It is sunny and warm in Kansas, and I am wearing my David Lynch shirt. A perfect fit.

I often ascertain situations and concepts with what I feel, while ascertaining them, is the utmost clarity. I go over their various components with a calm and rational mind and figure out their complexities and moving parts, thus gaining an understanding of them until I almost feel that even the most multifaceted problems become completely obvious. I then share my conclusions with my friends, and they say, “But Nate, you’re not thinking about this element of it,” and I change my mind almost completely.

Being a veteran Greyhound rider, I find the camaraderie on the Megabus a bit lacking. There are far fewer stops, which gives people less time to mix and mingle among riders they’re not sitting near. The one complaint I hear most about the Greyhound is that it’s filled with freaks and weirdos. I sort of miss this aspect of bus rides on the Megabus. No more are the welfare moms with five obnoxious children, but instead there are college students watching movies on their laptops at full blast without headphones. At least the mom and her children have character, and not just baseball caps, messy buns, sweat pants and trust funds.

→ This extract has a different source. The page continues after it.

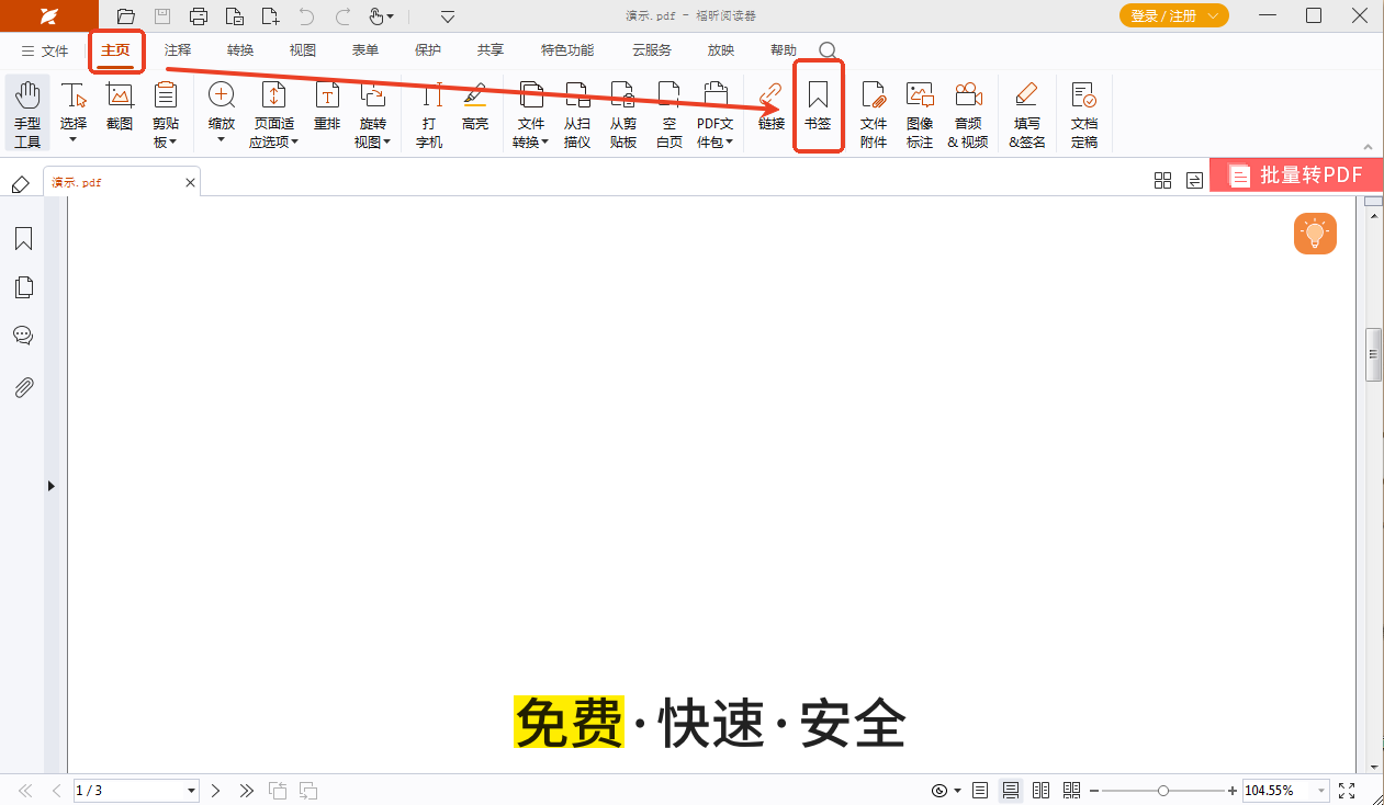 各位小伙伴在PDF文档导入后,点击页面顶部【主页】栏,找到【书签】并单击。

One similarity between Megabus and Greyhound: Invariably on both brands of bus, the drivers will switch out around four or five or six in the morning, and the haggard bus captain who’s been driving all night and would just as soon fall asleep at the wheel as she would talk to you is replaced by another driver, infinitely more chipper. The new driver gets on the megaphone and introduces himself with zest, gives all the requisite information (no smoking or drinking, 45 minutes ’til Toledo), which attracts the one person on the bus who can’t sleep and feels lively at that ungodly time, who moves to the front of the bus, where you happen to be sitting, and begins talking to the driver loudly about the one thing he can think of to talk to a bus driver about: driving buses. Unfortunately, bus drivers respond well to people who are interested in their trades, as most of us do, therefore making it unlikely that he would not mind if the rest of the passengers, who are trying to sleep, gagged this bastard with a felt hat and shoved him into the bathroom for the remainder of his trip.

Some guy is waving his poison ivy hand around the room at everyone now. I’m out of here.


1 Comment

  • That guy waving his poison ivy hand around the room would be my boyfriend, wouldn’t it. Now you know what it’s been like for me since he got the rash.